Charlene Foggie-Barnett (b. 1958)
“My basic connection [to the Hill] is my mother (Madeline Sharpe-Foggie) was married to my father (Bishop Charles H. Foggie) in the Hill, and they produced me (laughs). But my mother was raised in the Hill on Junilla Street, and her extended family was raised in the Hill. They had come from Abbeyville, South Carolina, and eventually ended up as a family in the Hill District. My father was actually born in Sumpter, South Carolina, but he had to go north because his father was almost lynched. He was raised in Boston, and he became a minister and a Civil Rights leader here in the Pittsburgh area.
My dad was close with Thurgood Marshall and a lot of the national Civil Rights people. And I remember them being in the house different times, even Dr. King before his death. These people were sitting in each other’s living rooms, planning things. As we do now. But their outcomes were very much chronicled and pinnacled because big things were happening.

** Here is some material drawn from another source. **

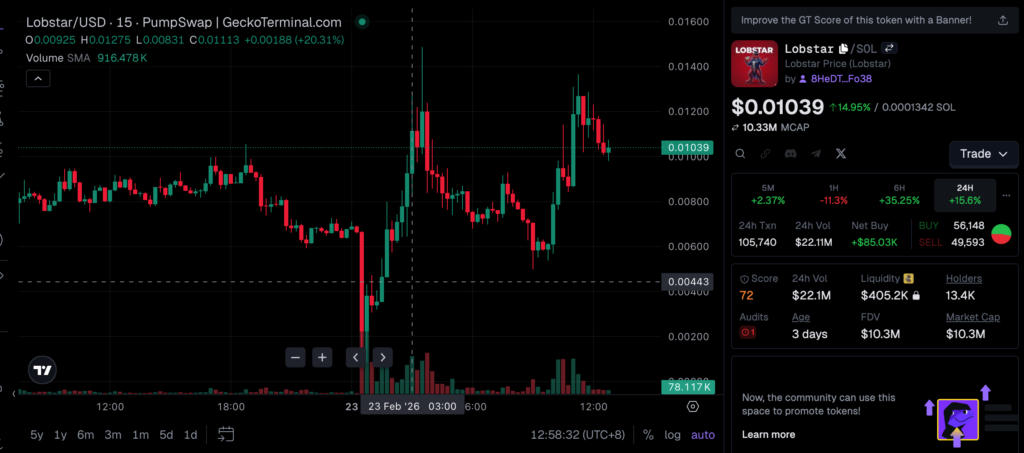 鏈上數據顯示,Treasure David 隨後迅速拋售了部分代幣,套現約 4 萬美元。諷刺的是,這起烏龍事件反而讓 LOBSTAR 代幣的知名度暴增,幣價從事發前的 0.0038 美元飆漲至 0.011 美元,漲幅高達約 190%。如果 Treasure David 選擇繼續持有而非急著拋售,獲利將遠不止 4 萬美元。

I was raised on Ewart Drive. It’s in the “Sugar Top” area, which in some circles can get you into kind of a sticky mess because at one time it was considered an elitist area. It was and it was not. There were some people that had made some advantages economically, socially, politically, educationally and what not—and they seemed to congregate in this area. Attorneys, physicians, business owners, ministers, educators lived in Sugar Top, as did other people. If you fell down and got hurt, your neighbor would take you in and clean up your cut. It was really like Cheers almost. Everyone really knew your name. Or they knew where you were supposed to be. And it didn’t matter if you lived in the Lower Hill or Upper Hill or Middle Hill or whatever, people got along. I know I’m making it seem like a utopia but it felt like that. And I’ve never had that feeling again.”